We can transform these variables to be on the same scale using a preprocessing trick called _min/max scaling_. 

`MinMaxScale(X) = (X - min(X))/(max(X) - min(X))` 

In [None]:
# The sklearn library has a function that can do this for us
from sklearn.preprocessing import MinMaxScaler

In [None]:
# Define scale function
scaler = MinMaxScaler()

# Create data frame by fitting the scale function on the 'OverallQual' and 'GrLivArea' columns
# of the training set and transforming their values as columns in the data frame
scaled = pd.DataFrame(scaler.fit_transform(training_set[['OverallQual','GrLivArea']].astype(float)),
             columns=['OverallQual','GrLivArea'])

# Inspect the result
scaled.describe()

We can put these back to their original scale using the `inverse_transform` method.

In [None]:
pd.DataFrame(scaler.inverse_transform(scaled),
             columns=['OverallQual','GrLivArea']).head()
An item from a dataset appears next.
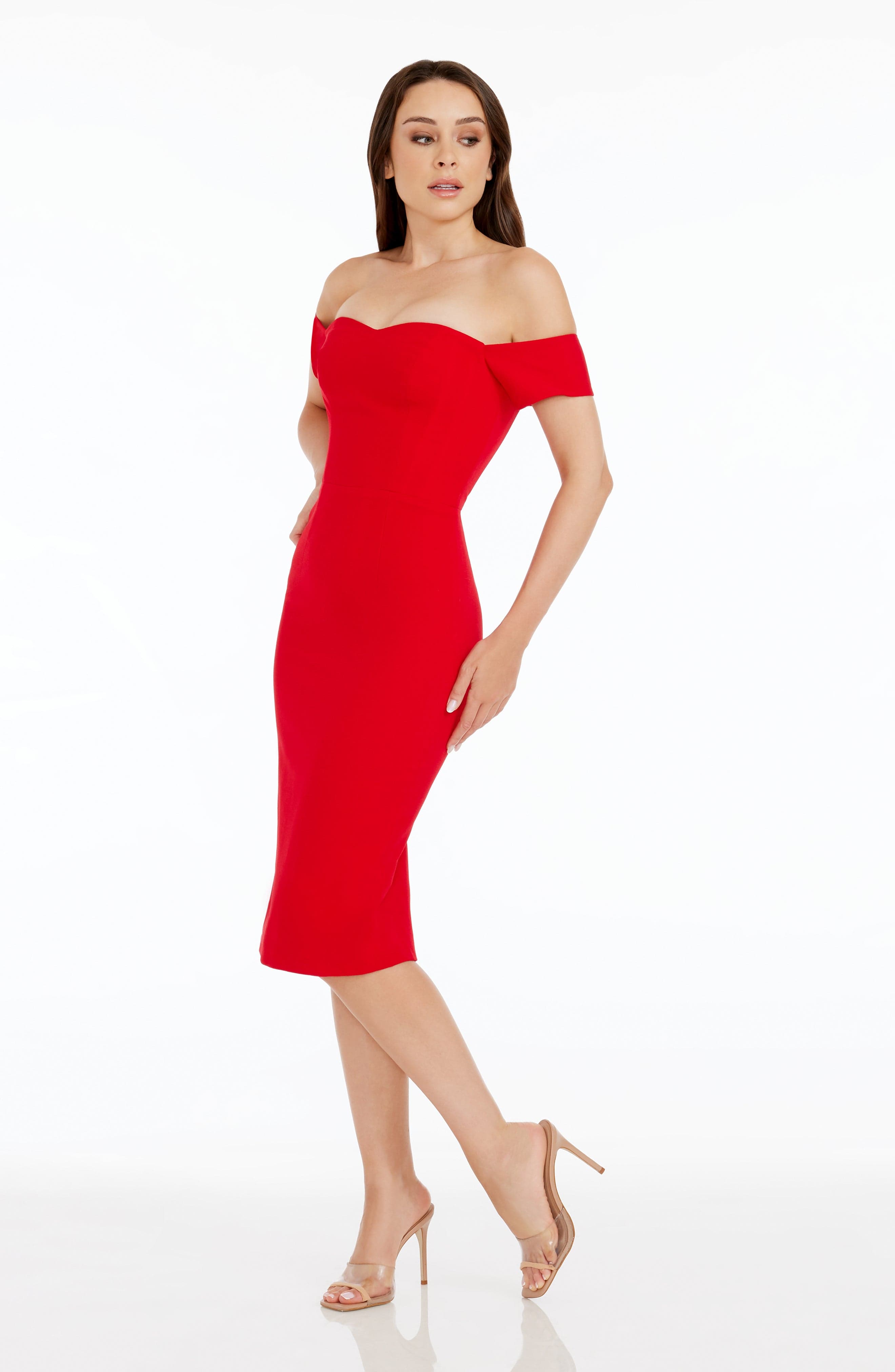 Flaunt a cold shoulder in the form-fitting Bailey dress. With off-the-shoulder cap sleeves and a semi-sweetheart neckline, this beautiful dress in our classic crepe fabric will flatter your figure. The slit in the back of the snug pencil-shaped skirt adds a flirty touch to this sophisticated cocktail dress in Rouge.
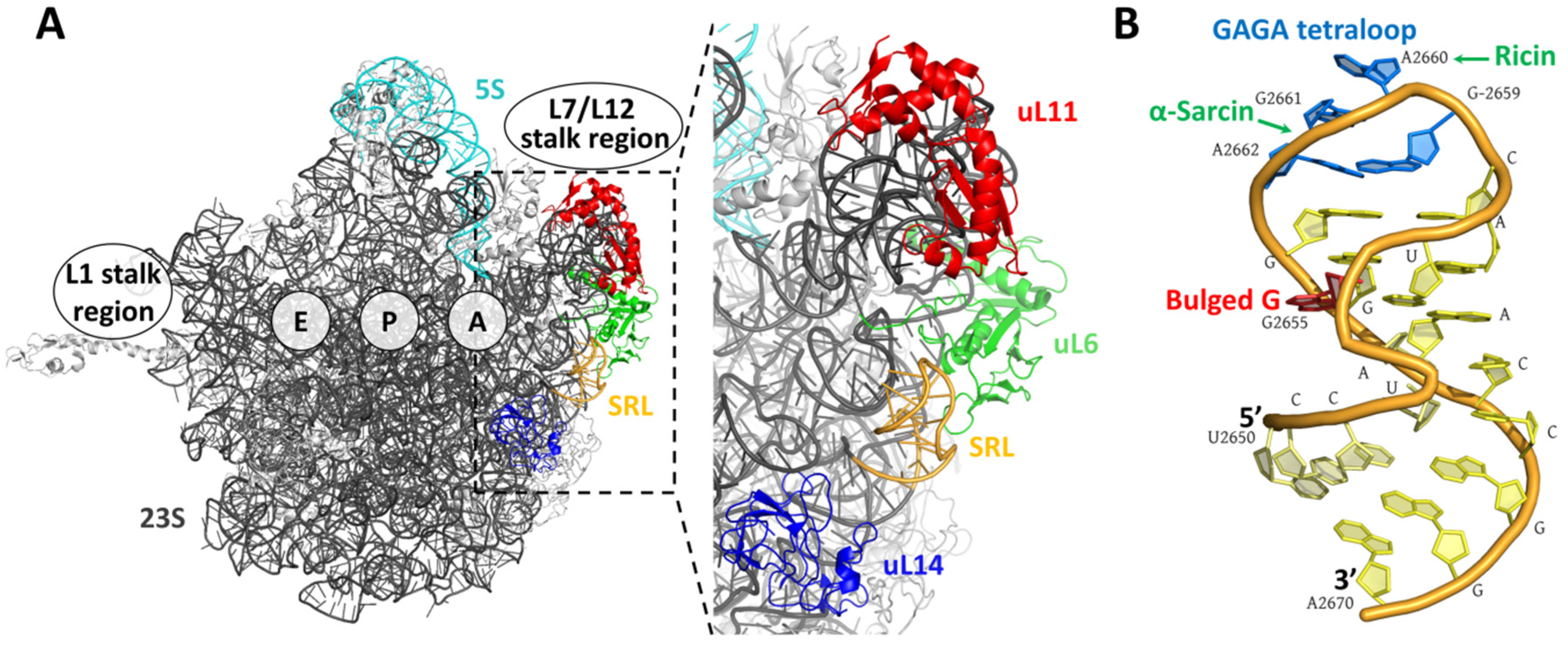 The target of ribotoxins: the ribosome. (A) Three-dimensional structure of the large ribosomal subunit of Escherichia coli (PDB ID: 2AW4). The location of L1 and L7/L12 stalks (absent in this crystal) and E, P and A sites are indicated. Conserved proteins around the SRL (orange) appear in different colors: uL6 (green), uL11 (red), uL14 (blue). Other ribosomal proteins appear in light gray. 23S (dark gray) and 5S (cyan) rRNAs are also shown; (B) SRL structure. The bulged G (red), the GAGA tetraloop (blue), the bond cleaved by α-sarcin and the adenine depurinated by ricin, are indicated.

Do they match with the original data?

In [None]:
training_set[['OverallQual','GrLivArea']].head()

# Combining features

We can also add new features to our model by combining two or more existing features. For example, let's
multiply `OverallQual` by `GrLivArea`. These are often called **interaction** variables.

We'll also scale our input and output. When we carry out scaling, we need to pass the scaling object to the model function, so that it can apply the same scaling process to unseen input data.

In [None]:
def encode_data(data,scaler = None):
    """
    Create copy of input data and create new feature, scale feature and
    return data frame with specified, scaled training columns        
    """

    data = data.copy()
    data = data[['OverallQual','GrLivArea']]
    # New feature is (unscaled) product of selected columns
    data['QualAreaInteract'] = data['OverallQual'] * data['GrLivArea']

    # Convert to float data type for scaling process
    data = data.astype(float)

    # Create and fit scaler if no scaling function is given
    if(not scaler):
        scaler = MinMaxScaler()
        scaler.fit(data)

    # Create data frame with scaled features only    
    pd.DataFrame(scaler.transform(data), columns = ['OverallQual','GrLivArea','QualAreaInteract'])
    return(data,scaler)


# Create features data frame and train model    
training_features, training_scaler = encode_data(training_set)
predictor = linear_model.LinearRegression()
predictor.fit(training_features, training_set['SalePrice'])

# Define model function which outputs predictions, using the training_scaler from above
def interaction_model(input_data, scaler = training_scaler):
    input_features,returned_scaler = encode_data(input_data,scaler)
    predictions = predictor.predict(input_features)
    return(predictions)

In [None]:
# Evaluate
evaluate_model(interaction_model, print_result=True)

# Competition Exercise (optional)

Build a multiple linear model to achieve as low score as possible!